The climax of the film comprises Antonio Capuano (a film director Fabietto idolizes portrayed by Ciro Capano) pressuring Fabietto to answer the questions posed by this section’s heading. At that moment, however, Capuano might as well be asking the audience to grapple with the stories of their hometowns and families. Although other aspects of The Hand of God contain nuance, Sorrentino uses this interaction to clarify an unequivocal expectation that everyone will find the desire to tell the stories of such people and places.
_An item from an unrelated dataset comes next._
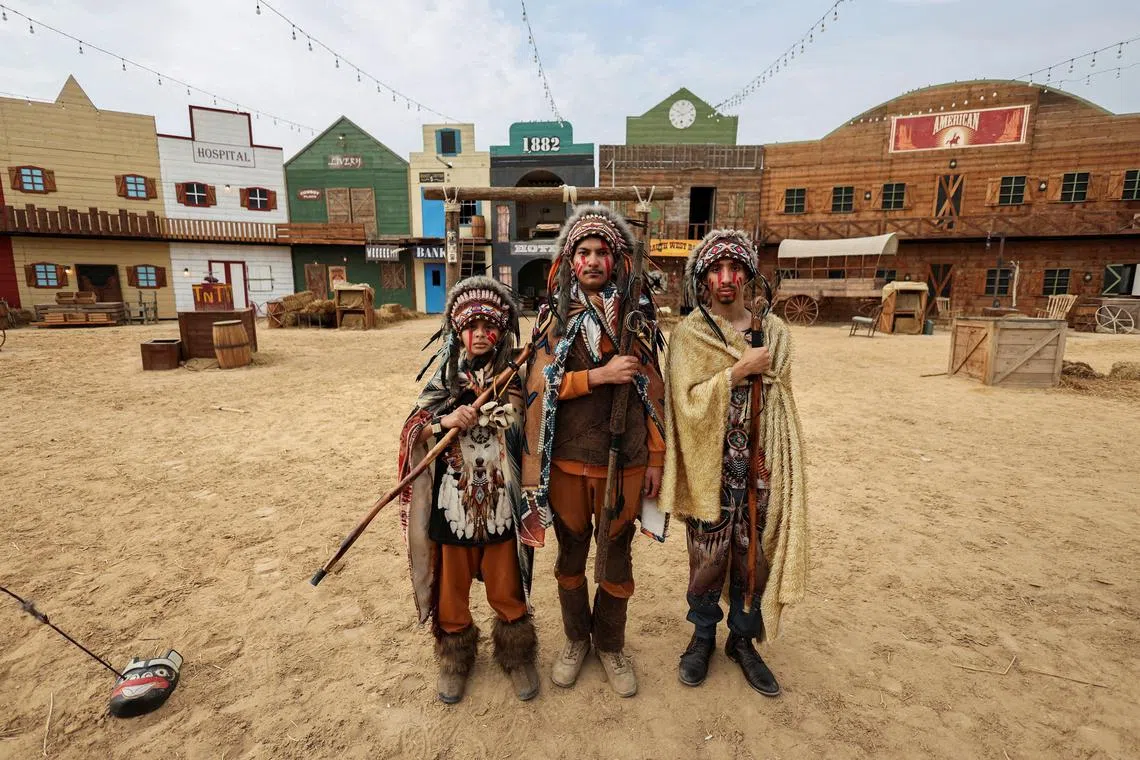 Saudi youth dressed as Native Americans posing for photos at Cowboy Town, an entertainment park where visitors can experience cowboy culture, in Abha, Saudi Arabia, on Aug 18, 2025.

Barry Jenkins (director of Moonlight and If Beale Street Could Talk) has described his filmmaking philosophy on numerous occasions: “to be universal, you have to get specific.” On its own, the statement provides a great approach to quality filmmaking, but knowing who said it clarifies its purpose as a tool to fight the erasure of Black people and people who identify as LGBTQ+. While the film does not attempt to provoke discussions about queerness or race, those watching closely may find something resonant with Jenkins’ philosophy in Sorrentino’s love letter to the Naples of his youth. The Hand of God does not aim for accurate, authentic representation of people who identify as queer or have been diagnosed with a mental illness or as neurodivergent, but its sincerity to its shortcomings might capture good representation after all.